John Pluecker: The Quarterly Conversation is publishing Daniel Shapiro’s translation of your story “Lizard á la Heart” in this issue. Can you talk a bit about the origins of the story and how it fits into your larger project as an author?
Roberto Ransom: When I was very young, eight or nine years old, I read a novel about a young boy and his dog that travel through the bayous in a wooden dug-out canoe, in a world of water and plant life, the large trees and their hanging limbs—willows mostly, I imagine—as silent, omnipresent witnesses, hunting for snakes. The boy has a long, pronged stick with which he traps them against a hard surface, takes them behind the head, “milks” their venom into a jar, and then releases them back into the water or back onto the land, from the same place he’d taken them. He sells the venom to the pharmaceutical companies. His father is not present or has died, and he takes care of his mother and younger sister or sisters. This story impressed me deeply. Years later I read one of Pynchon’s novels—I think V—in which one of the narratives is about a group of teenagers who live by hunting the huge, blind, white alligators that live beneath New York City in the sewer system—whose origin are the baby alligators brought back from Florida over the winter holidays and then eventually flushed down the toilets—and selling the skins. A third literary source would be Jean-Pierre Hallet’s Animal Kitabu, a fascinating read. Another “seed” came from our actual lives and a series of problems that arose when we purchased and moved into a new home we later found out had a plethora of legal complications having to do with the home and the land it was on: we had bought the house, but the land it was built on still belonged to a third party. Then the ex-owner wanted his house back and showed up at all hours of the night, drunk and shouting threats mixed with pleading. This somehow metamorphosed into an overgrown pet that threats, moans, and literally rips the family apart.
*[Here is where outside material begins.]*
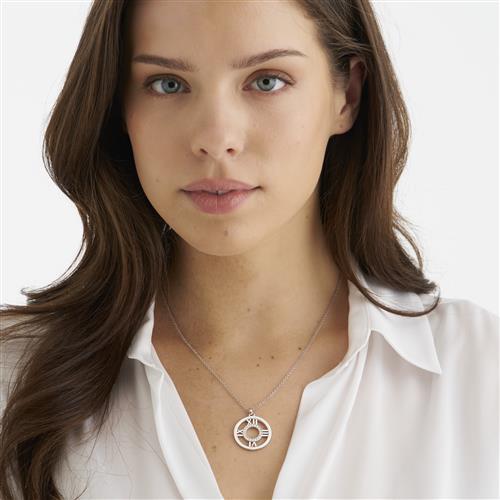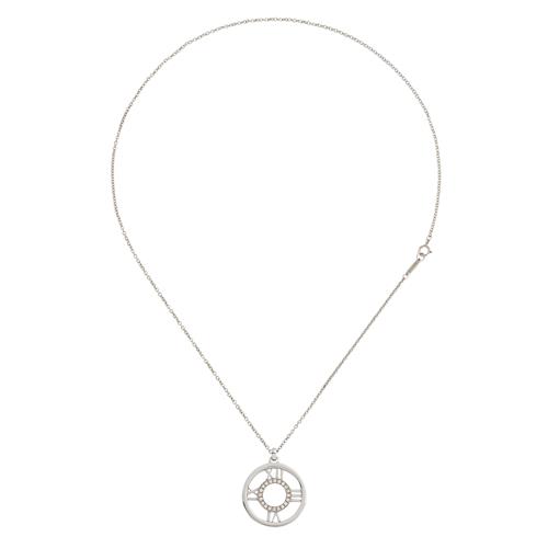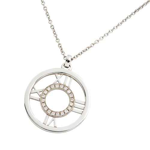 Modelled as an open disc centring a ring of round brilliant-cut diamonds within an openwork surround with Roman numeral motifs, suspended from a cable link chain completed by a bolt ring clasp, signed Tiffany & Co., length 460mm gross weight approximately 9.8 grams.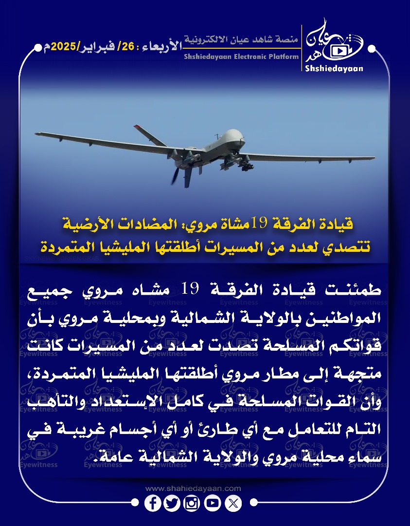 خبر في صورة الأخبار قيادة الفرقة 19 مشاة مروي: المضادات الأرضية تتصدي لعدد من المسيرات أطلقتها المليشيا المتمردة شاهد عيان فبراير 26, 2025 0 أقرأ المزيد ..

As a last seed, but after the fact: I did have pretty good notions of Egyptian civilization and mythology, but I only realized the connection between the Egyptian nature of my crocodile when I visited, four years after the story had been written and published, an exposition in the Museum of Anthropology in Mexico City on the Egyptian solar gods. And there was my crocodile, especially in a small figure—three inches tops.
JP: I was able to find and read some of your early works, specifically Historia de dos leones (A Tale of Two Lions) and La línea del agua (The Water Line), which, though not your very first books are among your early ones from the 1990s. How did you initially come to writing? Why did you decide to remain?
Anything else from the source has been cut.